By glomax56
We are trying to find out what to use for worms on our apple tree.we moved in 4 years ago, the first year the tree was full of apples. Now after 4 years we get big apples but they are full of worms. We where told to try spraying with dish soap, we have 2 dogs and a cat, so we want the safest way. Please let us know. We want to be able to enjoy our apples. Thank you
i would like to be informed about the way how to take care of my apple trees and how to prevent them from any expected danger, knowing that my trees are in a mountain area.
Thank you so much for your advice! I never thought of taking some of the leaves to my local Ag Ext office for evaluation, and I never thought about cleaning up the dead leaves instead of letting them mulch naturally.
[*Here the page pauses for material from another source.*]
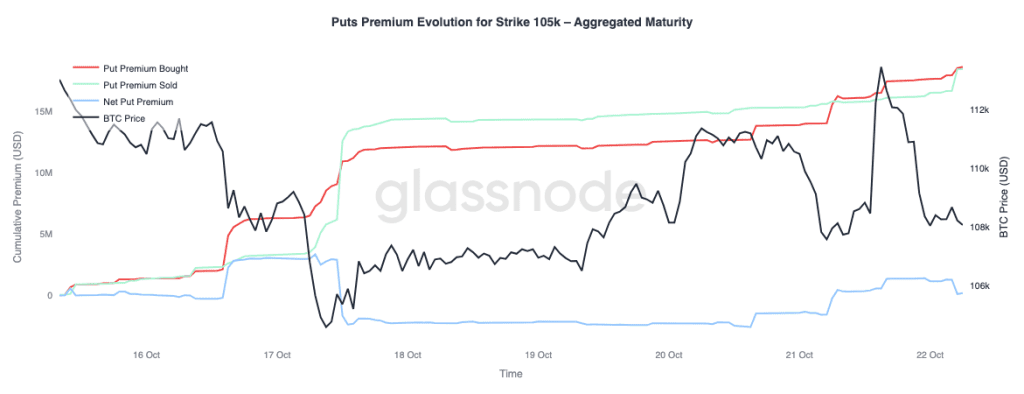 از طرف دیگر، در قراردادهای پوت با قیمت اعمال ۱۰۵,۰۰۰ دلار الگوی معکوس دیده میشود و این فرضیهی ما را تایید میکند. با افزایش قیمت بیت کوین، پریمیوم خالص پوتهای ۱۰۵,۰۰۰ دلار نیز افزایش یافت. این یعنی معاملهگران بیشتر تمایل داشتند برای محافظت در برابر کاهش قیمت هزینه کنند تا اینکه بخواهند از رشد قیمت سود کسب کنند. به بیان دیگر، واکنش معاملهگران آپشن به رالی اخیر بیت کوین پوشش ریسک و محافظت بود، نه اطمینان و باور به ادامه رشد آن.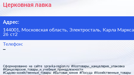 Церковная лавка по адресу 144001, Московская область, Электросталь, Карла Маркса, 26 ст2 в дальнейшем Организация, размещена в следующих категориях:

I appreciate the info!
Congratulations on your trees! I envy you as I live too far south for apples. Take the leaves of your tree to your local nursery and have them verify what the problem is (in a sealed bag like a zippered sandwich bag is best so you don't spread it if is a disease or insect). If they don't know, your county agricultural extension office is a good source. Once you know the problem you will have a better chance of figuring out a cure. At the same time have the soil in the area you tree grows in checked (ph, etc) so that you can treat it also. A tree growing in healthy soil fights/survives diseases and bugs easier. There are a lot of sources on care for your trees both locally and on the web. Again your local extension office is a good source. I personally swear by Rhodales books on natural care of plants. I also hang out at the library and read/buy gardening stuff applicable at Barnes & Nobles (they let you browse books, even provide chairs at my local store). I'm sorry this advice is so general, but not knowing what the problem is exactly limits advice.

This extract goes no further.